The processed data from cellxgene was converted to Seurat file format using SeuratDisk (v0.0.0.9019)63. The dataset was subset to exclude cells from the peripheral blood samples. No filtering was applied for the quality metrics for this processed dataset. The data was re-normalized using NormalizeData function in Seurat and integrated across patients using Seurat wrapper for Harmony64. Non-linear dimensional reduction was performed using UMAP based on the 30 principal components encoding the highest variance in the data and was used to visualize the clusters in two-dimensional space. Cell type (free) annotations by Travaglini et al.3 were retained and used to analyze complement gene expression. Neutrophils, reported in the original dataset, were not present in the annotated cellxgene dataset that we analyzed.

Statistical analysis

The Wilcoxon Rank Sum Test (two-sided) through Seurat’s FindAllMarkers function was used to investigate differential gene expression between clusters/cell types, with the threshold parameters set to log1p fold-change (logFC) >0.20, min.pct of 0.1 to only test genes that are expressed in at least 10% of the cells, and multiple testing using Bonferroni correction.
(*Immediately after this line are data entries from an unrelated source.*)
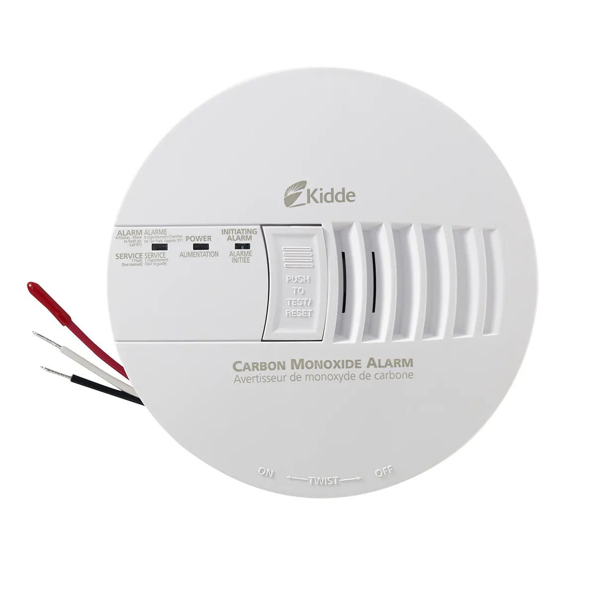 - Hardwire unit with test and reset button to verify alarm operation by pressing the test button to perform a diagnostic test.
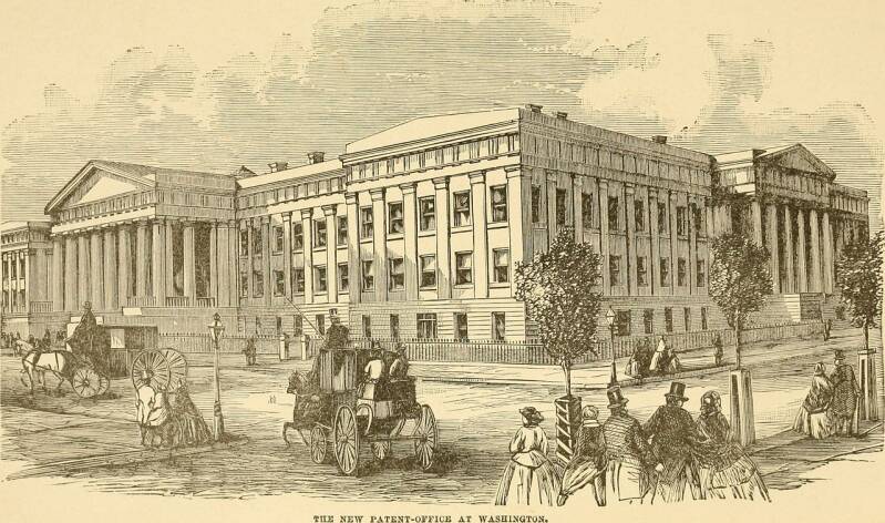 John Clark Ridpath - Het Amerikaanse Octrooibureau in Washington op een gravure uit 1893. Vele jarenlang was dit the place to be voor Amerikaanse uitvinders. Het gebouw staat er nog steeds, maar is tegenwoordig een museum.
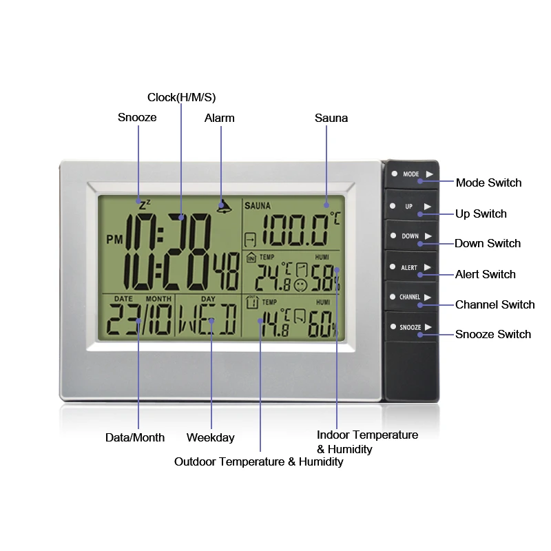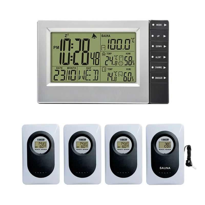 Special Offer Wireless Weather Station Digital Display Alarm Clock Sauna Temperature Indoor Outdoor Thermometer Hygrometer most up 4 Sensors Discount 40% Today!
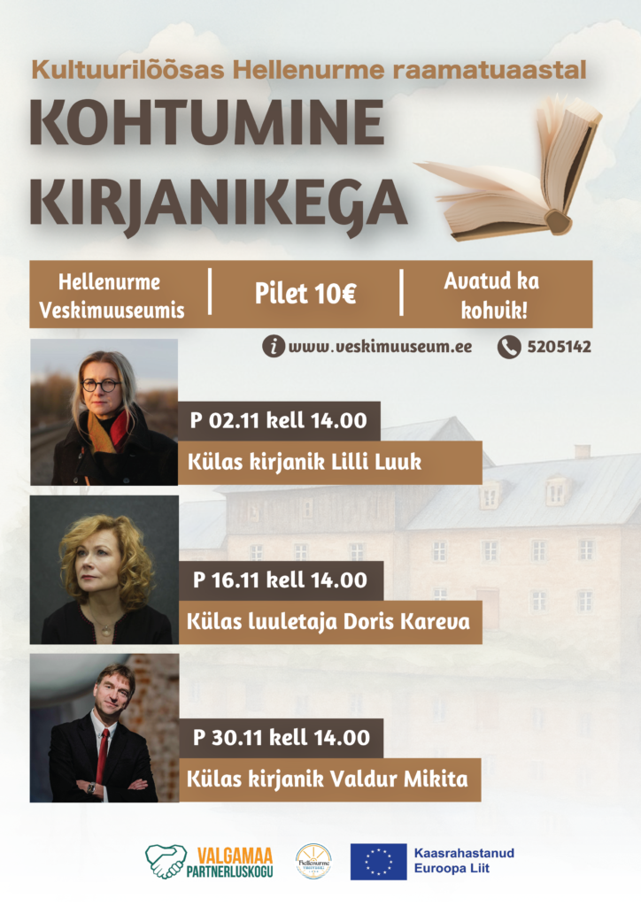 Kultuurilõõsas Hellenurme lõõmab edasi sügisel, siis, kui tuuled puhuvad ja vihma rabistab. Veskisse tulevad viiel pühapäeva pealelõunal külla tuntud ja tunnustatud kirjanikud. Esimesed kaks on teie ees:
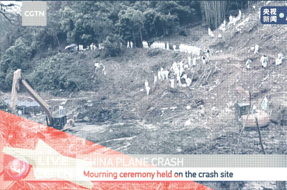 Sunday, March 28, marked day 7 since the crash, generally an important day in Chinese culture for marking tragedies and remembering the victims. In anticipation, a ceremony was held at the crash site on Saturday, all of the rescue and response team members present observing three minutes of silence for those who perished.
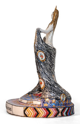 Giovanna Biallo has worked in both painting and sculpture since the mid-1990s. The two seemingly different directions in her practice have been shaped by influences and experiences as far removed from one another as Mark Rothko and the abstract colour fields, and Russian avant-garde artists reimaging bourgeois porcelain collectables into revolutionary storytelling for the masses. Yet, both are the result of a slow and painstaking process: of sculpting the canvas (or, at times, paper or gesso board) through meticulous mixing and applications of gradations of colour, and of moulding, assembling, and painting her porcelain sculptures with layers of applied hues and repeated firing. The exhibition brings together abstraction and figuration, exploration of colour as language and the delight in figurative detail – and the exuberance that characterises both bodies of work. My pieces always take a long time, explains the artist, both by choice and by necessity of porcelain making. Her paintings are equally absorbing, resulting in grids of endless colour variations exploring their potential to communicate with the viewer. In her sculpting process, she goes through several phases of hand modelling, cutting, carving, assembly and paint application for each piece. They require multiple firing sessions at temperatures as high 1300C between the different stages to achieve the richly coloured and robust form. The results are beguiling – the sculptures look like they belong to a different epoch, remnants of the world that is gone forever, shards of the past washed up on our shores, mythical protagonists of stories long forgotten. The artist interrupts our indulgence in nostalgia, however, sometimes adding a sprinkle of contemporary detail and sometimes, literally, planting the figurines into our contemporary world, referenced in their pedestals. It is this clash between the past, the comforting world of objects and the present defined through the intangible digital networks of words and images (“Subscribe”, “scrolling”, “Google”) that disrupts our perception. It creates a bit of welcome chaos in the world of magical porcelain brides and their shimmering veils, pitting them against rude (virtual) reality, while asking us to consider where they may belong. Or is this an invitation to consider where we belong in this brave new world? This question takes us back to one of the formative influences in Biallo’s sculpting practice. Coming across the book by Nina Lobanov-Rostovsky, Revolutionary Ceramics: Soviet porcelain 1917-1927, she was struck by how Russian avant-garde artists re-interpreted, re-appropriated and re-purposed the tradition of porcelain making, seen at the time as an attribute of bourgeois lifestyle and therefore belonging to the “dustbin of history”. Russian avant-garde largely embraced the revolution and answered the call to turn their art into the service of constructing the new world – they created designs for textiles, furniture, buildings and porcelain. Malevich, Popova, and Danko all contributed to the industrial revolutionary project. Some of their work introduced radical abstraction of form (famous tea sets and plates by Malevich), while others used the traditional and well-understood format of figurative porcelain to communicate and celebrate the new protagonists of history – soviet workers, revolutionary soldiers and everyday people making up the new ruling class, the proletariat. This reappropriation of the tradition was responsible for the survival and the thriving of porcelain production in post-revolutionary years – most soviet households had at least one of those figurines. Biallo found the story inspirational – she became interested in porcelain as a contemporary medium to communicate stories that interest her and to reflect on the world that we live in today. Some of the sculptures, Cubic I and Cubic II, reference this lesser-known chapter of the medium’s history more directly, through the geometric forms, while their surfaces are filled with references from the artist’s personal life and other contemporary motifs. Others seem to connect more directly with Biallo’s painting practice, echoing the grid and flowing patterns of her paintings on some of their painted surfaces. Together they provide a kaleidoscopic glimpse into Biallo’s universe, where abstract and figurative, old and new, magical and literal exist side by side, and where, at times, it feels like the painted surface might slip off one of her sculptures, like a shawl off a bride’s shoulder, and melt onto the canvas’s surface.

In addition, to test statistical significance between groups of mice (old versus young; immune versus non-immune), the two-sided Wilcoxon Rank Sum Test using Seurat’s FindMarkers function was run with the default Seurat parameters of logFC threshold of 0.25 (old versus young; immune versus non-immune cells) and min.pct of 0.1. All differential analysis were based on expression levels. The threshold for significance was set at 0.05 and adjusted p-values < 0.05 were considered statistically significant.